4. `python run.py --solvers feral,ma57 --timeout 600 && python
   aggregate.py` produces `REPORT.md` (gitignored, regenerates from
   `results/{ma57,feral}.jsonl`).

See `external_benchmarks/mittelmann_ipopt/README.md` for the per-
problem rescue table and finer-grained invocation modes.

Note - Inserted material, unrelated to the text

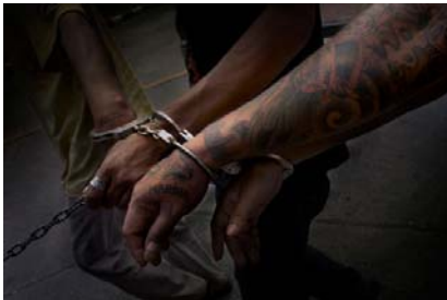
Handcuffs on newly arrested drug dealers and users are shown to reporters and photographers during a press conference.

In each issue of Enter, we put a set of near-identical questions to people who have taken part in a World Press Photo Joop Swart Masterclass.

## Running the multi-oracle consensus

Requires `gfortran`, `OpenBLAS`, `METIS`, and the `ref/mumps` and
`ref/spral` source trees.

```sh
# Build the Fortran oracles (one-time)
make -C external_benchmarks/mumps_oracle all
make -C external_benchmarks/ssids_oracle all

# Run them over the corpus (writes .mumps.json and .ssids.json sidecars)
python3 external_benchmarks/mumps_oracle/run_mumps.py data/matrices/kkt --skip-existing
python3 external_benchmarks/ssids_oracle/run_ssids.py data/matrices/kkt --skip-existing

# Emit feral sidecars
FERAL_EMIT_SIDECARS=1 cargo run --release --bin bench

# Compute verdicts
python3 external_benchmarks/consensus/compute_consensus.py data/matrices/kkt
```

See [`dev/plans/phase-1b-consensus-exit.md`](dev/plans/phase-1b-consensus-exit.md)
for the architecture of the consensus framework and
[`dev/phase1-retrospective.org`](dev/phase1-retrospective.org) for the
story of how and why it was built.

## Known limitations

- **Three-way oracle disagreement (ACOPP30_0005).** Feral, MUMPS, and
  SSIDS each report a different inertia on this borderline KKT
  matrix; it is `#[ignore]`'d in `tests/parity.rs` and excluded by
  the consensus framework. The other historically-failing rank-
  deficient panel matrices (FBRAIN3LS_0839, ACOPP14×2, ACOPP30×2,
  CERI651CLS) all now pass the oracle-consensus gate per the
  CLAUDE.md correctness contract. FBRAIN3LS_0839 closed 2026-05-17
  via the F-01 sign-fallback fix
  ([#39](https://github.com/jkitchin/feral/issues/39); see
  [`dev/research/f01-rankdef-underreporting.md`](dev/research/f01-rankdef-underreporting.md)
  2026-05-17 addendum).
- **Tiny residual gap on a few panel matrices.** CERI651CLS_0487 and
  three SSI matrices (`SSI_1685`, `SSI_2412`, `SSI_2597`) produce
  feral residuals 1.6×–1600× larger than MUMPS — all still tiny in
  absolute terms (~1e-8 to ~1e-13) but outside the K=10 residual
  gate. Inertia is correct in every case. These are `#[ignore]`'d
  in `tests/parity.rs`.
- **Tiny-IPM-KKT factor-time gap vs MUMPS.** On a class of small KKT
  matrices (BATCH, HAHN1, ACOPR30 at n ≈ 100–600), canonical MUMPS is
  5–8× faster than FERAL — a gap SPRAL/SSIDS also pays. The proper
  investigation is queued (measure MUMPS amalgamation / front-size
  distribution; bucket FERAL `factor_us` by front size; compare front
  counts) but not currently scheduled. See
  [`dev/research/reference-solver-comparison.md`](dev/research/reference-solver-comparison.md).
- **Dense kernel has no delayed pivoting.** The sparse multifrontal
  path implements SSIDS-style delayed pivoting on non-root supernodes
  (`may_delay = true`, `n_delayed_in/out` plumbed through
  `factorize_multifrontal`). The standalone dense `factor` entry
  point still falls back to `ZeroPivotAction::ForceAccept` on
  rank-deficient blocks; the sparse-path root supernode runs under
  `may_delay = false` for the same reason.

## References

The bibliography in `references.bib` is cited throughout the retrospective
and code. Canonical references:

- Bunch & Kaufman 1977 (BK pivoting)
- Duff & Reid 1983 (multifrontal method)
- Amestoy, Davis & Duff 1996 (approximate minimum degree)
- George & Liu 1981 (elimination trees)
- Davis 2006 (CHOLMOD, direct methods textbook)
- Hogg, Reid & Scott 2010 (SSIDS)
- Wächter & Biegler 2006 (IPOPT interior-point method)

## License

FERAL is MIT-licensed. See [`LICENSE`](LICENSE).

Third-party attributions for code incorporated from other open-source
projects (notably the SPRAL Hungarian/MC64 scaling routines used in
`src/scaling/`) are recorded in [`NOTICE`](NOTICE), with the full
upstream license texts in [`LICENSE-THIRD-PARTY`](LICENSE-THIRD-PARTY).